Return On Capital Employed (ROCE): What is it?

If you haven't worked with ROCE before, it measures the 'return' (pre-tax profit) a company generates from capital employed in its business. The formula for this calculation on Siem Offshore is:

Return on Capital Employed = Earnings Before Interest and Tax (EBIT) ÷ (Total Assets - Current Liabilities)

0.038 = US$37m ÷ (US$1.1b - US$106m) (Based on the trailing twelve months to December 2021).

Therefore, Siem Offshore has an ROCE of 3.8%. In absolute terms, that's a low return and it also under-performs the Energy Services industry average of 5.2%.

See our latest analysis for Siem Offshore

roce
OB:SIOFF Return on Capital Employed May 6th 2022

While the past is not representative of the future, it can be helpful to know how a company has performed historically, which is why we have this chart above. If you'd like to look at how Siem Offshore has performed in the past in other metrics, you can view this free graph of past earnings, revenue and cash flow.

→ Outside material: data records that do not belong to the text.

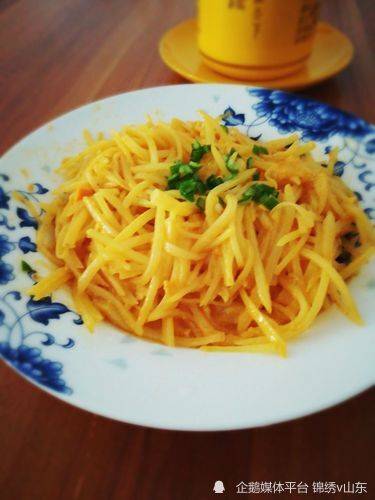 4、將焯過水的土豆絲倒入鍋中,如果口味重的話,可以稍微加一些鹽,翻炒均勻後即可出鍋裝盤。香噴噴的咸蛋黃炒土豆絲就做好瞭。
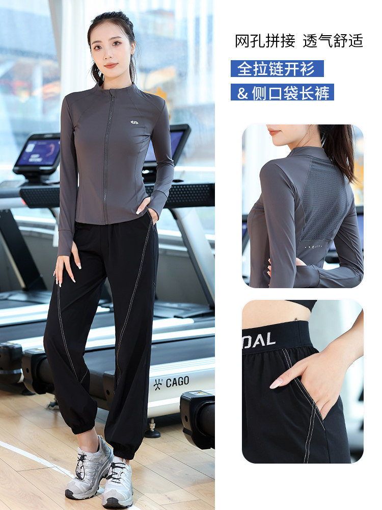 2025春季新款跑步速干健身服女套装晨跑运动服跳绳训练服瑜伽外套
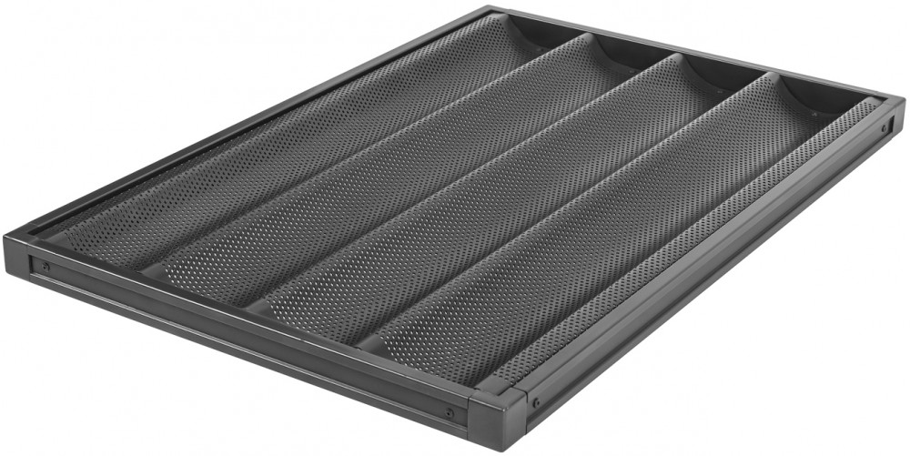 Противень для багетов с тефлоновым покрытием Danler GS14101 предназначен для выпечки хлеба и хлебобулочных изделий в подовых и ротационных печах на предприятиях общественного питания и торговли.

So How Is Siem Offshore's ROCE Trending?

While the ROCE is still rather low for Siem Offshore, we're glad to see it heading in the right direction. The data shows that returns on capital have increased by 380% over the trailing five years. That's a very favorable trend because this means that the company is earning more per dollar of capital that's being employed. Interestingly, the business may be becoming more efficient because it's applying 53% less capital than it was five years ago. A business that's shrinking its asset base like this isn't usually typical of a soon to be multi-bagger company.

The Bottom Line On Siem Offshore's ROCE

In the end, Siem Offshore has proven it's capital allocation skills are good with those higher returns from less amount of capital. Although the company may be facing some issues elsewhere since the stock has plunged 94% in the last five years. Still, it's worth doing some further research to see if the trends will continue into the future.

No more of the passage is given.